Why We Develop Food Allergies
Coached by breast milk and good bacteria, the immune system strives to learn the difference between food and pathogens before the first morsel crosses our lips
An infant floating in the womb enjoys warmth, nutrition and an environment free of microorganisms. During the birth process—even before she takes her first breath—a baby begins to encounter microbes and other foreign substances, collectively called antigens, that can stimulate her new immune system. Most of these immunological challenges take place on mucosal surfaces such as the gut and airways.

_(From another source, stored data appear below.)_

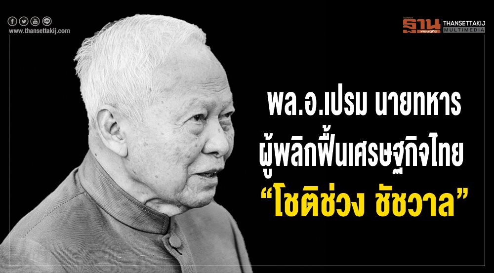 พล.อ.เปรม ติณสูลานนท์ ประธานองคมนตรี และรัฐบุรุษ นอกจากจะได้ดำรงตำแหน่งสูงสุดในทางทหารโดยเป็นผู้บัญชาการทหารบก ที่มีผลงานโดดเด่นในการสู้รบ และปกป้องประเทศชาติจากภัยคุกคามความมั่นคงของประเทศของประเทศแล้ว ในช่วง 8 ปีที่ดำรงตำแหน่งนายกรัฐมนตรี ยังเข้ามาแก้ปัญหาเศรษฐกิจของประเทศ ให้รอดพ้นจากภาวะล้มละลาย จากวิกฤติการณ์ทางเศรษฐกิจ และนำมาเศรษฐกิจของไทยไปสู่ยุค “โชติช่วง ชัชวาล”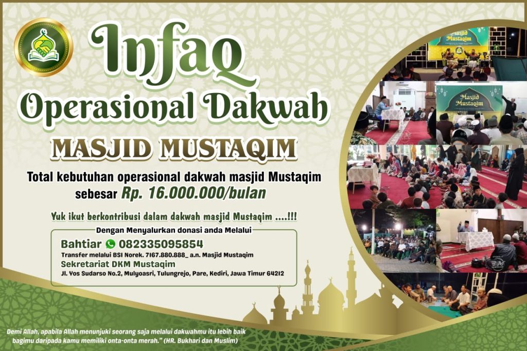 Infaq operasional adalah salah satu cara untuk mendukung kegiatan dakwah dan menyebarkan ajaran Islam. Dengan memberikan Infaq operasional masjid Mustaqim maka anda sudah membantu menjalankan kegiatan dan program-program yang dapat membantu umat Islam. Infaq operasional ini juga bisa menjadi bentuk ibadah yang terus mengalir pahalanya, karena kegiatan dakwah yang didukung oleh Infaq tersebut dapat memberikan manfaat jangka panjang.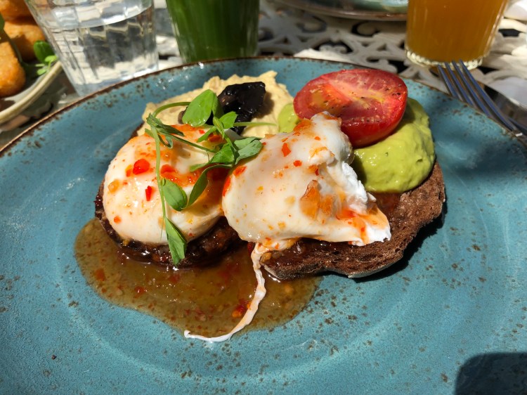 We were pretty starved by the time food arrived, and as you can see by the photo, I was ready to devour it. I have a bad tendency to always order eggs royal for any brunch place, and I’m really glad I didn’t this time. The scrumper has hummus and smashed avocados, and who can dislike either of those things?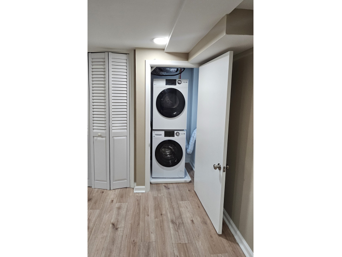 The unit offers a separate, walkout entrance, bedroom w/closet, full bath, table-space kitchen, and in-unit washer/dryer.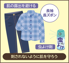 ・모기가 발생하기 쉬운 곳에서는 피부 노출을 피하세요.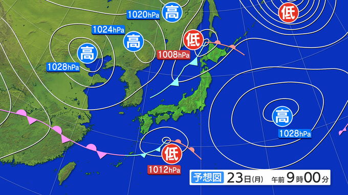 23日午前9時の予想天気図では、低気圧は東南東方向に進むでしょう。23日の午前中は東海や関東などで雨雲がかかるところがありそうです。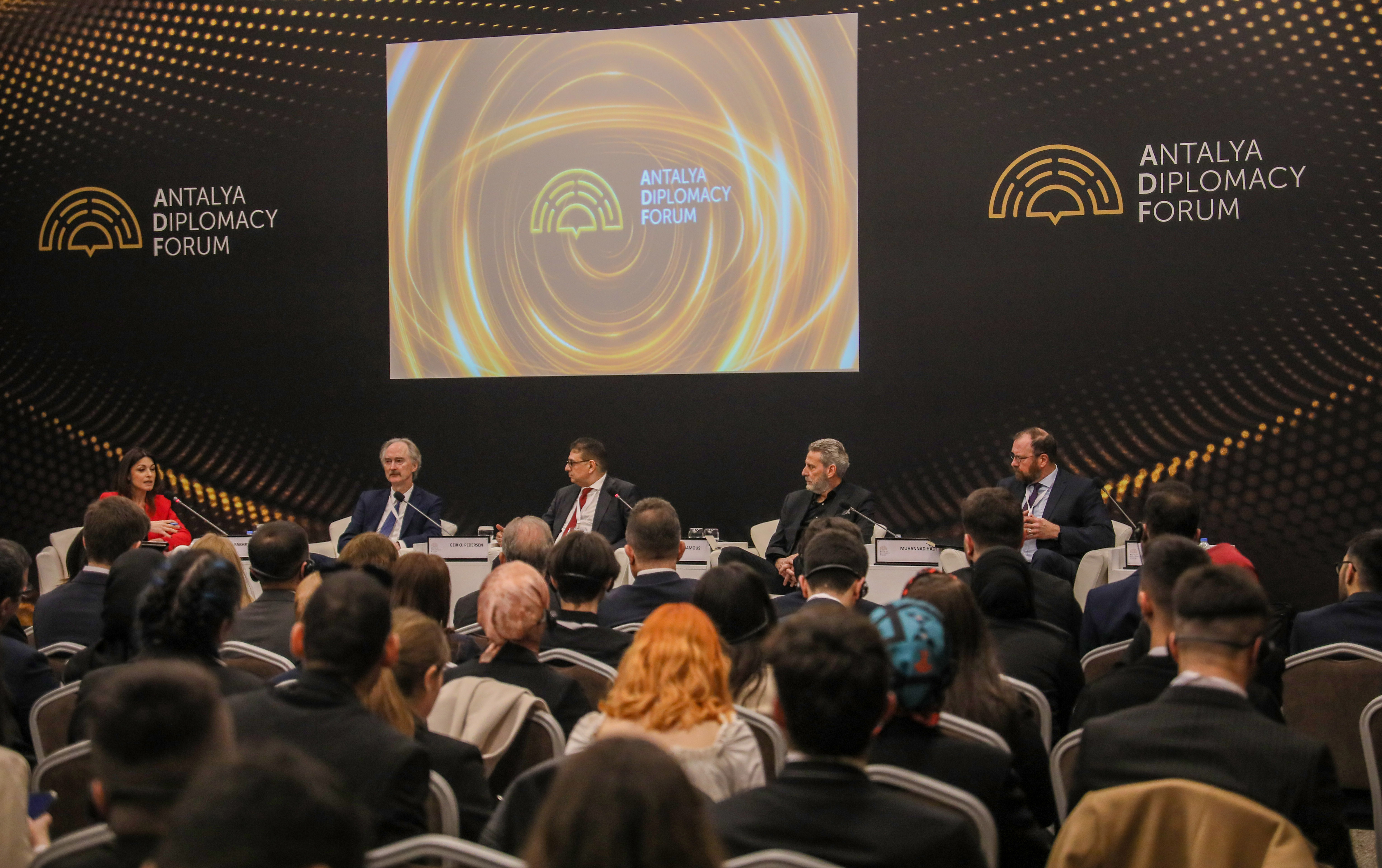 Antalya Diplomasi Forumu, 'Suriye'de İstikrara Giden Yol' paneliyle başladı. Gazeteci Ghida Fakhry'in moderatörlüğünü yaptığı panele konuşmacı olarak Birleşmiş Miletler (BM) Suriye Özel Temsilcisi Geir Pedersen, Suriye Müzakereleri Komitesi Başkanı Bader Jamous, BM Suriye Krizi Bölgesel İnsani Koordinatörü Muhannad Hadı, Avrasya İnsani Diyalog Merkezi Bölgesel Direktörü David Gorman, Araştırmacı Rich Outzen katıldı. Panelde konuşan BM Suriye Özel Temsilcisi Geir Pedersen, Suriye'de çözüm için ABD, Türkiye, Rusya ve İran'ın masaya oturmasının şart olduğunu söyledi. Pedersen, Ukrayna'da yaşanan savaşın ardından ABD ile Rusya arasındaki iletişimin kopma noktasına geldiğini, Suriye'deki krizin artmasının ise kimsenin yararına olmayacağını söyledi.

The first line of defense in a newborn's gut is the system of immune exclusion, which uses exported antibodies to bind germs and potentially harmful compounds on the mucosal surface. Antibodies coat the pathogens to prevent them from invading the gut wall, and they bind to unfamiliar cell fragments or macromolecules to regulate their passage into the body. The class of antibodies known as secretory immunoglobulin A(SIgA) is most responsible for immune exclusion; it is a nice antibody that is actively pumped out to the surface and seldom elicits inflammation when it goes to work.

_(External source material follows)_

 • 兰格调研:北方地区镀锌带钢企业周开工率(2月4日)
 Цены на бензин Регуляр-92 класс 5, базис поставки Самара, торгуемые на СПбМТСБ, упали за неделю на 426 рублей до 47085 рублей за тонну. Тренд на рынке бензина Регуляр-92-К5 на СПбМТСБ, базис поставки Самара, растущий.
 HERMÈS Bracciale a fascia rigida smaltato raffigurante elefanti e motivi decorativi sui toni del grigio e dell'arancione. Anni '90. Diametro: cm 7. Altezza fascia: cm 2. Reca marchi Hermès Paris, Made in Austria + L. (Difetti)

New babies, however, produce little or no SIgA. They depend on other types of antibodies during the first vulnerable months of life, primarily residual IgG from the mother and small amounts of mucosal IgM. The only significant source of SIgA antibodies during this period is breast milk, which helps protect the newborn until her immune system is established. In developed countries, the child's ability to produce SIgA is quite variable, being completed between one and ten years of age. Babies in developing countries often establish secretory immunity much earlier, presumably because of greater exposure to stimulating microbes.

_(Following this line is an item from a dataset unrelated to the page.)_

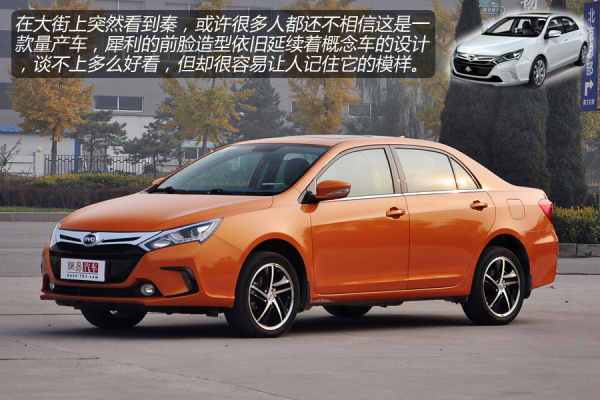 秦量產(chǎn)版大致延續(xù)了概念車的整體設(shè)計,與速銳的中庸設(shè)計相比,顯得更加的前衛(wèi)、霸氣。為適應(yīng)量產(chǎn)化需求,量產(chǎn)版對燈光布局進(jìn)行了調(diào)整,原本位于保險杠兩側(cè)的LED行車燈被整合至大燈內(nèi),原位置被轉(zhuǎn)向燈所取代。另外,在保險杠內(nèi)側(cè)還加入了橢圓造型的霧燈。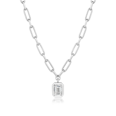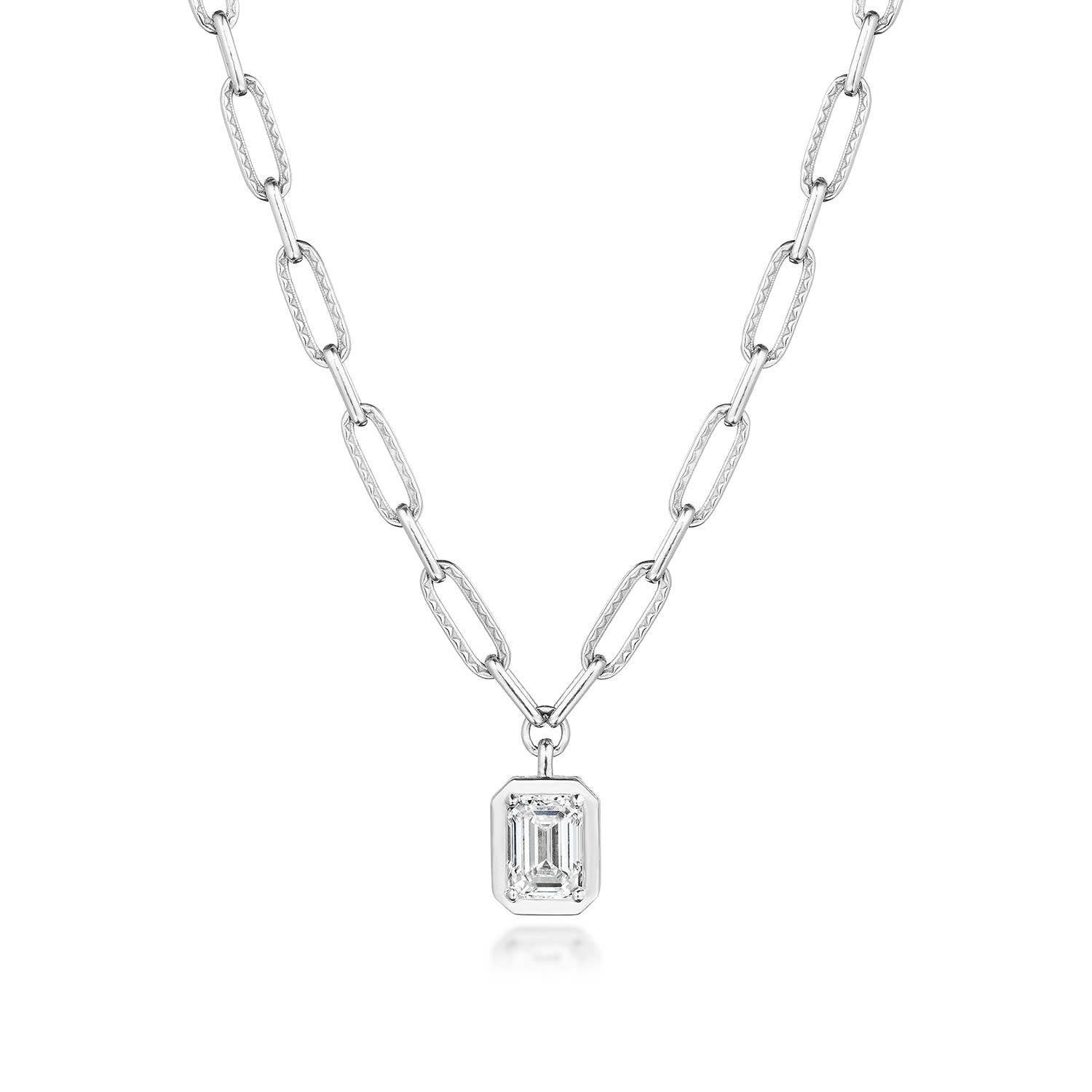A bezel pendant of captivating depths. The high polish frame enthralls a lab grown diamond center. On the reverse, hand-hewn milgrain and pinpoint mined diamonds add dimension. On the chain, Crescent-embellished links alternate with petite links.

In addition to their job of binding up troublesome antigens, SIgA antibodies help the gut to develop by enhancing the barrier function of the epithelial lining. The gut mucosa of most infants matures during the first months of life. But in some children, the mucosal barrier remains inadequate for several years, and incomplete secretory immunity can contribute to the delay. Not surprisingly, genetically manipulated (knockout) mice that lack SIgA and SIgM have leaky mucosal membranes.
The SIgA system seems to be important in setting an individual's threshold for adverse reactions to food. The risk of food allergy is higher when the development of IgA-producing cells is retarded or when SIgA-dependent development of the gut barrier is insufficient. On the positive side, babies who breastfeed exclusively for at least the first four months appear to have fewer allergies. This effect may be the product of IgA-directed gut maturation, but human milk also contains immune cells, immune-regulating cytokines and growth factors that exert positive biological effects.